Understand your metrics better by trying to predict how changes will impact them

A few weeks ago, right before launching a new email marketing campaign at work, I asked folks on our team for any predictions about what the email’s conversion rate would be. It wasn’t intended as a serious exercise – more in line with the game where you guess the date a baby will be born or how many marbles are in a jar.

Someone threw out a guess and then a few more people followed with their own. We launched the email campaign and waited. When the results came in, the actual conversion rate was much lower than any of us had expected. We were all surprised and I think a big part of that was due to the guesses we had made beforehand.

I’ve been thinking a lot about that experience and what we can learn from it.

Trying to predict how your metrics will change is a great way to force you to think deeply about those metrics. It’s easy after you make a change to your product to look at a metric and conclude that the change – or lack thereof – makes sense. But if you have to make a prediction beforehand, you’re forced to consider all of the factors. In this example, what do our email conversion rates typically look like? Is it 0.5% of 2% of 5%? Have we tried something similar in the past? Are there other channels that we can learn from? Do we expect this new campaign to have higher or lower conversion rates?

The more you try to predict how your metrics will change, the better you’ll get at predicting them and the better you get, the more likely it is you’ll be able to move those metrics. Imagine two teams, one that always tries to predict what the metrics will look like and one that doesn’t. After doing this several times, which team do you think will be better at understanding how to influence those metrics?

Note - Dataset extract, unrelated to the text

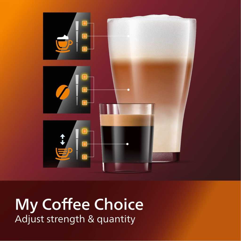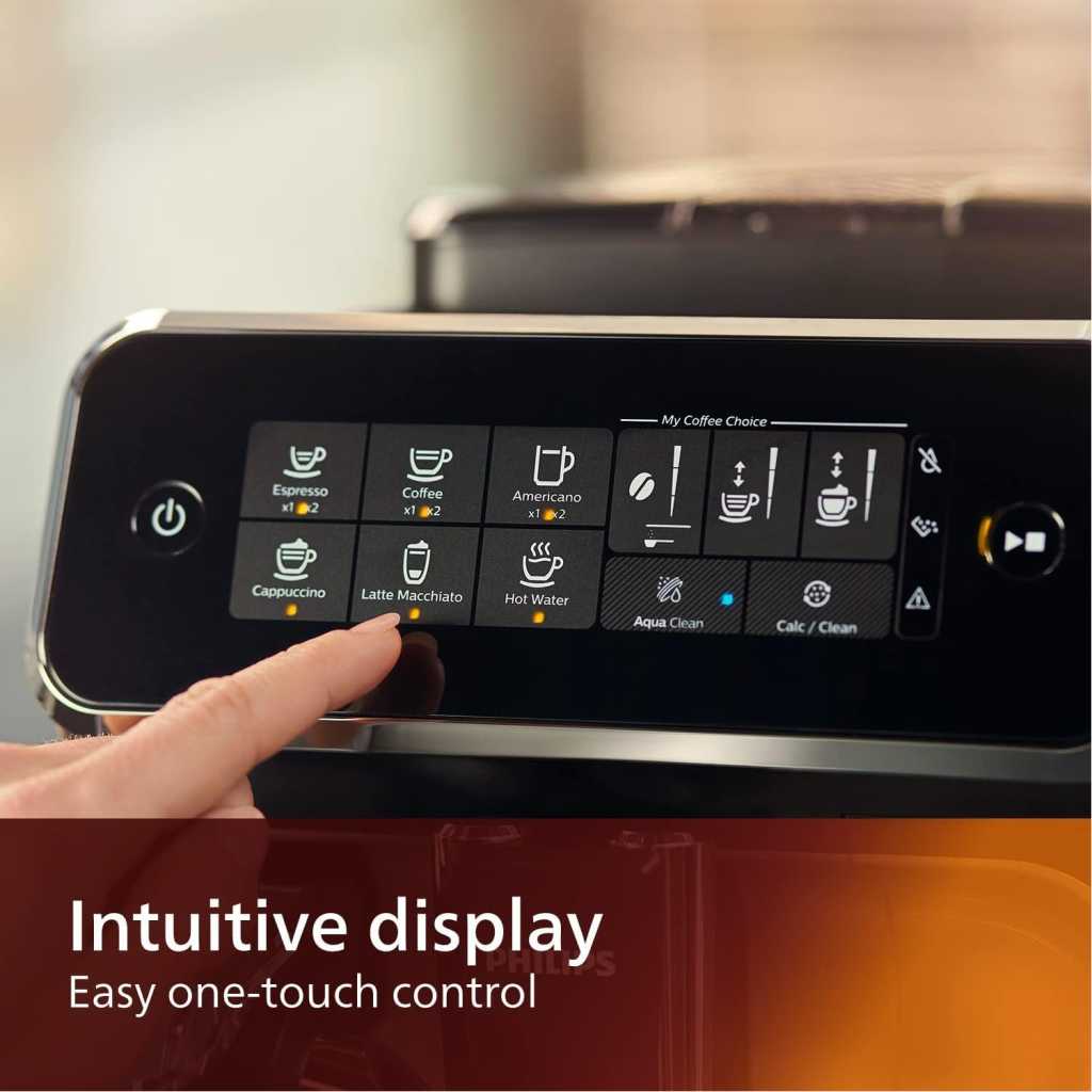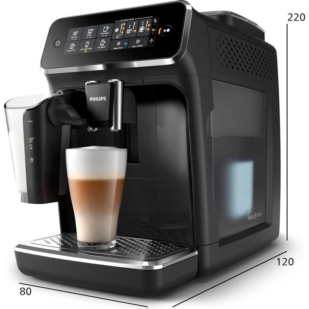 Key Features: With Philips 3200 Series enjoy the delicious taste and aroma of coffee from fresh beans and perfect temperature, thanks to our intelligent brewing system. The LatteGo milk system allows you to create a silky smooth cappuccino or latte macchiato with ease EASY BEVERAGE SELECTION: Easily select your favorite drinks in just one touch with 6 beverage options – Espresso, Coffee, Americano, Latte Macchiato, Cappuccino and Hot Water LATTEGO MILK SYSTEM: Effortlessly make silky-smooth milk froth, even with plant-based alternatives for your milk based drinks DURABLE CERAMIC GRINDER: Bring out the full flavour of your coffee with our hard-wearing ceramic grinder. The durable ceramic grinder can be adjusted in 12 steps, from fine to coarse grindings EASY CUSTOMIZATION WITH INTUITIVE TOUCH DISPLAY: Adjust your coffee your way with the My Coffee Choice function: choose your preferred coffee strength, length, and milk froth level, just to your taste with one touch AQUACLEAN FILTER: By changing the filter after being prompted by the machine, you will not need to descale your machine for up to 5000 cups***, while enjoying your coffee with clear and purified water EASY CLEANING: Save time with dishwasher safe parts and our removable brew group allows you to clean thoroughly with just a rinse 2 YEAR WARRANTY

Don’t ask people to guess in public because the subsequent guesses will tend to be anchored towards the first guess. If no one has an idea initially and someone guesses that a metric will be 5%, then people will tend to anchor their guesses around 5%: 4%, 6%, etc. It’s much less likely someone will say 0.4% even if they would have guessed that without seeing any other responses. The easiest way to get around this is probably sending out a survey and have people guess there. Afterwards, you can reveal who was closest.

Put your guesses in writing. It may take some time for the results to come in and it’s easy to forget what your original prediction was. Also, it will make you take the exercise more seriously because of the extra accountability that putting it in writing adds.

Try to predict how your metrics will change before embarking on a project. For example, before we set up this email campaign, should we have tried to predict how it would perform? I think so. Not only would it cause us to think more carefully about the objectives and how to achieve them, but it may have led us not to pursue it in the first place.

Look for other opportunies to make predictions. This doesn’t have to be limited to product changes. For example, lets say you’re about to publish a big announcement on your blog:

  • How many visitors will that post bring over the first 24 hours? How about a week later?
  • How many people will share it on social media?
  • How many of those people will convert into free/paying customers?

A lot of what we do online can be quantified – keep and eye out for ways to hone your predictive skills.

Do any of you all do this type of thing on a regular basis? I’d love to hear about your experience and what you’ve learned from it.